*THE PROBLEM*:
Begin your transcription at the line containing "Kunstmaler Jata Stojanovic, Engesvang" and continue it, word for word, to the final line below. Include only those lines and skip the pictures.

*COLLECTED DATA*:
:::

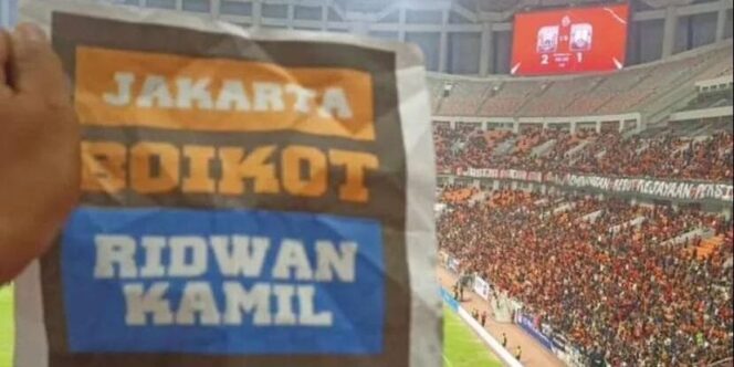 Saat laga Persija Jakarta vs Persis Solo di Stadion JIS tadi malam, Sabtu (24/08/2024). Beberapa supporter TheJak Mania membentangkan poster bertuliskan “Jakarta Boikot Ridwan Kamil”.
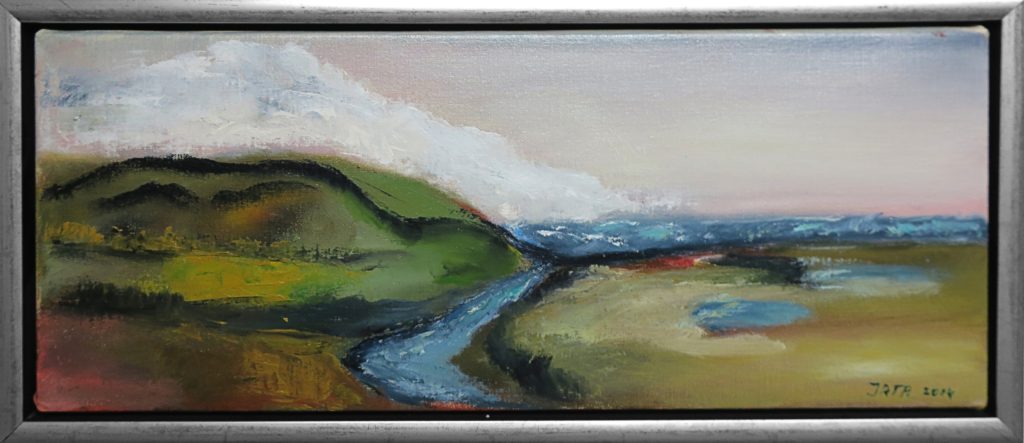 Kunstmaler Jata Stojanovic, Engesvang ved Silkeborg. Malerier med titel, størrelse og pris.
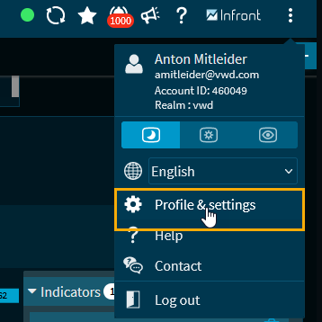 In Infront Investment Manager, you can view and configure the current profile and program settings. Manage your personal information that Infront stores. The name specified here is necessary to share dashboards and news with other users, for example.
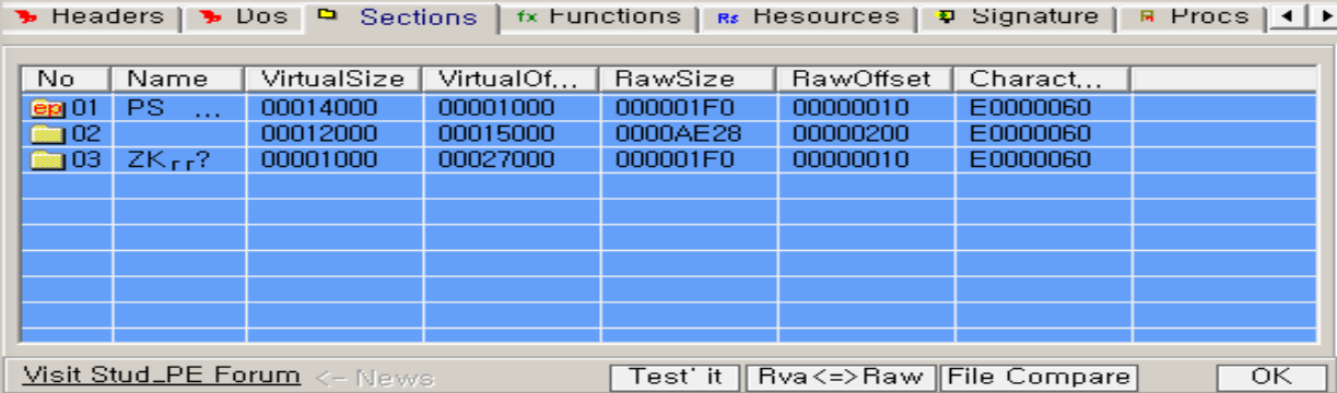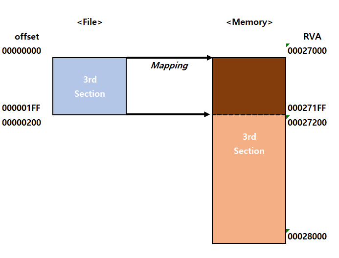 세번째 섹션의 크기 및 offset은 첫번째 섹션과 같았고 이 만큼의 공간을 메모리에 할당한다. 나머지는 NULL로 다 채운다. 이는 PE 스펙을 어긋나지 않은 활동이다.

:::

*RESPONSE TO THIS EXERCISE*:
 Kunstmaler Jata Stojanovic, Engesvang ved Silkeborg. Malerier med titel, størrelse og pris.
 In Infront Investment Manager, you can view and configure the current profile and program settings. Manage your personal information that Infront stores. The name specified here is necessary to share dashboards and news with other users, for example.
 세번째 섹션의 크기 및 offset은 첫번째 섹션과 같았고 이 만큼의 공간을 메모리에 할당한다. 나머지는 NULL로 다 채운다. 이는 PE 스펙을 어긋나지 않은 활동이다.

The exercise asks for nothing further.